Beefy Boxes and Bandwidth Generously Provided by pair Networks
Clear questions and runnable code
get the best and fastest answer
 
PerlMonks  

Joining two files on common field

by ch1 (Novice)
on Sep 22, 2005 at 20:29 UTC ( #494288=perlquestion: print w/replies, xml ) Need Help??

ch1 has asked for the wisdom of the Perl Monks concerning the following question:

I trying to join two files on a common field.
File one:
upc,qty
840197083284,2
840197083291,3
840197083307,21
840197083314,0
File two:
product_sku,size,color,upc
121,MD,Black,840197083277
121,LG,Black,840197083284
121,XL,Black,840197083291
121,2XL,Black,840197083307

I'm trying to join on upc.
I've read a number of post.... combining 2 files with a comon field which seems to be close but I can't make it work.

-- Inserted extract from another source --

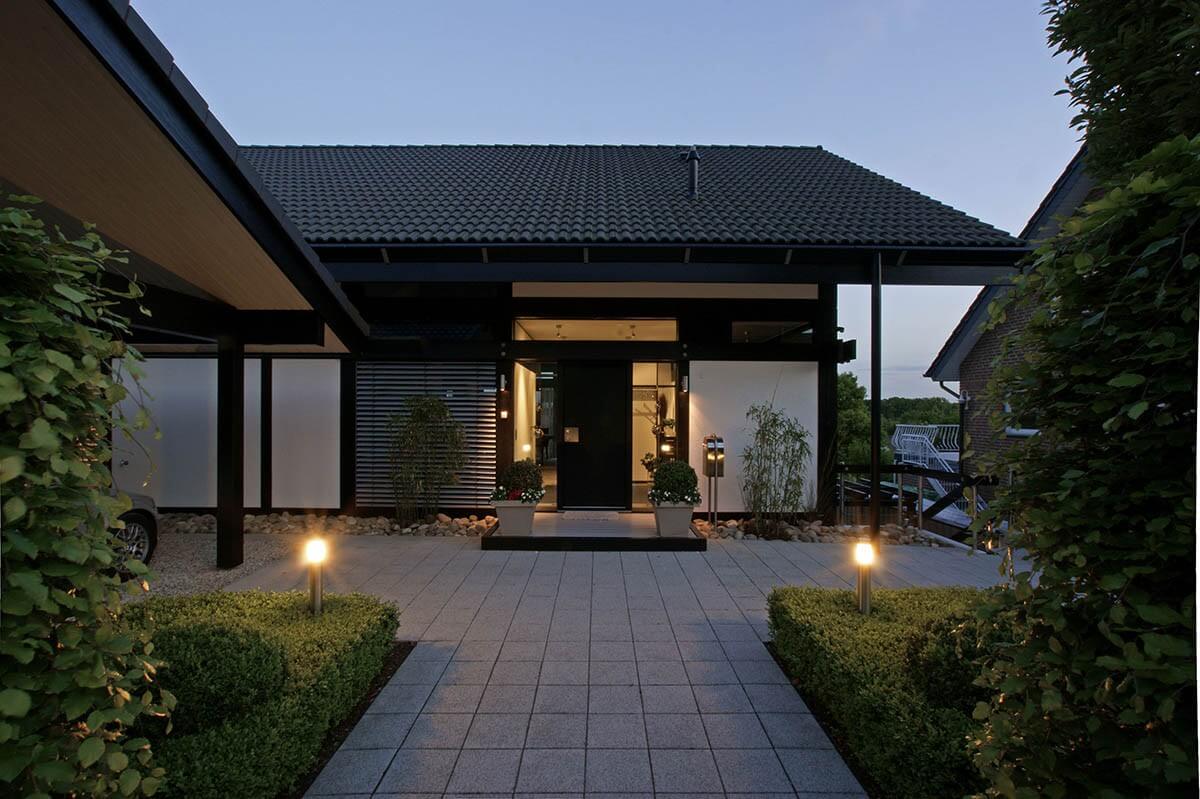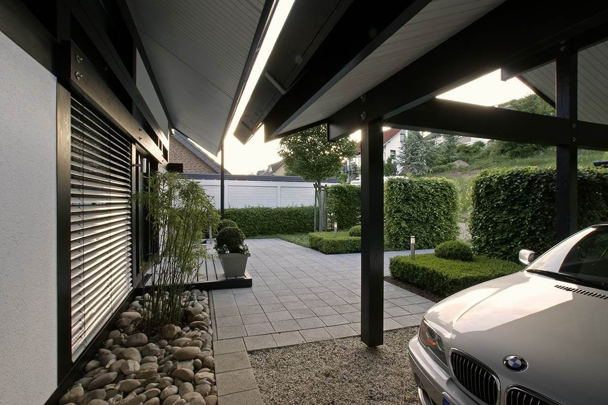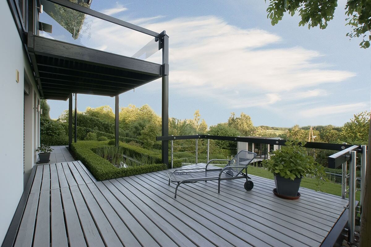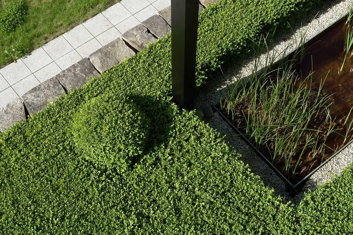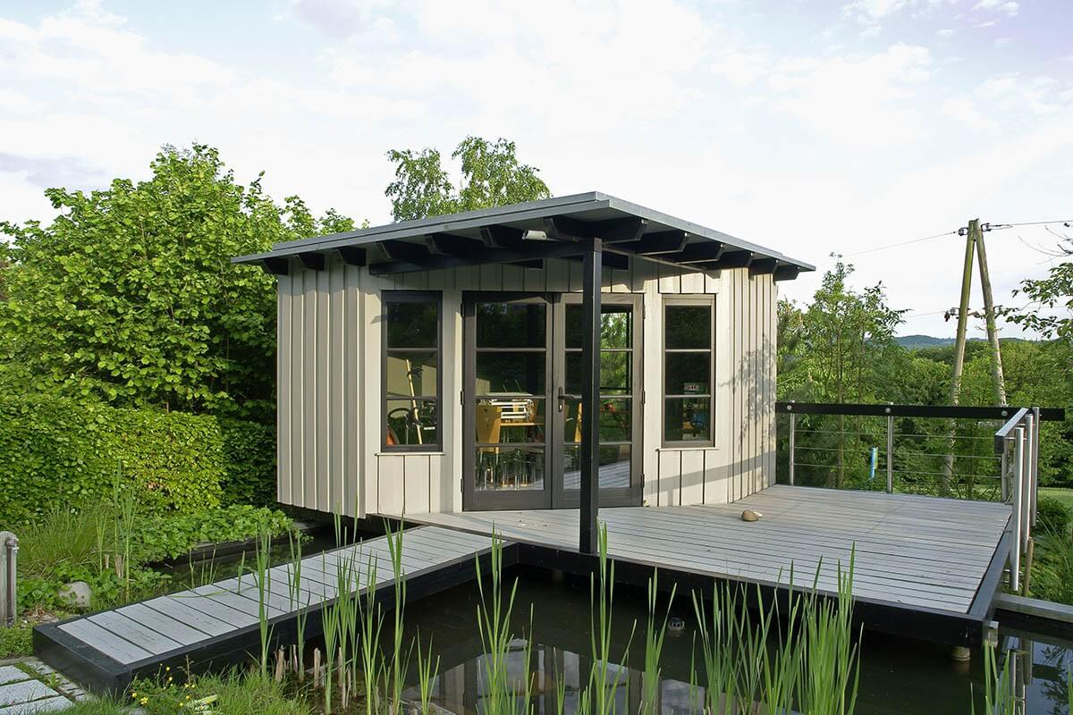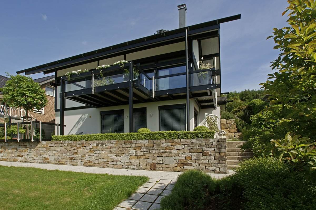 Das lang gestreckte Hanggrundstück stellte besondere Anforderungen an die Gartengestaltung, den Umgang mit den Nachbargrundstücken sowie die Erfüllung der Auflagen des Bebauungsplanes. Ziel war es, das Grundstück trotz extremer Höhensituation nutzbar zu gestalten. Dies geschieht zum einen durch den Geschossversatz des Gebäudes selbst. Zum anderen werden Terrassenbereiche am Gebäude durch Naturstein-Trockenmauern abgefangen, während seitlich Stufenanlagen den tiefer liegenden Gartenteil erschließen. Entlang einer geneigten Rasenfläche führt der Weg zum Gartenhaus und zu einer über einer Wasserfläche „schwebenden“ Holzterrasse mit Blick in die Landschaft.

Update: I'm new to perl and to perlmonks... So, First thanks for all the help. Here is the code that worked for me.
open(I1,"Inventory.csv") or die "file1: $!"; $_ = <I1>; # read column headings while (<I1>) { # get data chomp; my ($upc,$qty) = split /,/; $data{$upc} = $qty; } open(I2,"Matrix.csv") or die "file2: $!"; $_ = <I2>; # read column headings while (<I2>) { # get data chomp; my ($sku,$siz,$clr,$upc) = split /,/; $data{$upc} .= join ',', '', $sku, $siz, $clr; } open(my $fh_out, '>', 'new.csv') or die("Can't open output file: $!\n"); for (sort keys %data) { my @content = "$data{$_},$_"; if (grep(/.*,.*,.*,.*$/, @content)){@column = grep(/.*,.*,.*,.*$/, + @content)}; #@column = grep(/.*,.*,.*,.*$/, @content); print $fh_out "@column\n"; }

Edit: g0n - Linkified PM link

Replies are listed 'Best First'.
Re: Joining two files on common field
by jZed (Prior) on Sep 22, 2005 at 20:38 UTC
    Well you didn't say what you want to do with the results, but assuming you want them in an Array of Arrays:
    use DBI; my $dbh=DBI->connect('dbi:CSV(RaiseError=1):'); my $results = $dbh->selectall_arrayref(" SELECT * FROM file1 NATURAL JOIN file2 ");
      Here is code but I'm getting an error.
      #!/usr/bin/perl -w use DBI; $dbh = DBI->connect("DBI:CSV:f_dir=/home/turn2sp/tmp") or die "Cannot connect: " . $DBI::errstr; $dbh->{'csv_tables'}->{'Matrix'} = { 'file' => 'Matrix.csv'}; $dbh->{'csv_tables'}->{'Inventory'} = { 'file' => 'Inventory.csv'}; $sth = $dbh->prepare("SELECT * from Matrix NATURAL JOIN Inventory"); #$sth = $dbh->prepare("SELECT * FROM Inventory"); $sth->execute(); while ( @row = $sth->fetchrow_array ) { print "@row\n"; }
      DBD::CSV::db prepare failed: Parse error near NATURAL JOIN Inventory at /usr/lib/perl5/site_perl/5.8.4/i686-linux/DBD/File.pm line 195. for Statement "SELECT * from Matrix NATURAL JOIN Inventory" at ./j line 7. Can't call method "execute" on an undefined value at ./j line 10.
        To get a better error message, change
        $sth = $dbh->prepare("SELECT * from Matrix NATURAL JOIN Inventory");
        to
        $sth = $dbh->prepare("SELECT * from Matrix NATURAL JOIN Inventory") or die "Cannot prepare: " . $DBI::errstr;
Re: Joining two files on common field
by ikegami (Patriarch) on Sep 22, 2005 at 20:40 UTC

    I believe you could use DBD::AnyData.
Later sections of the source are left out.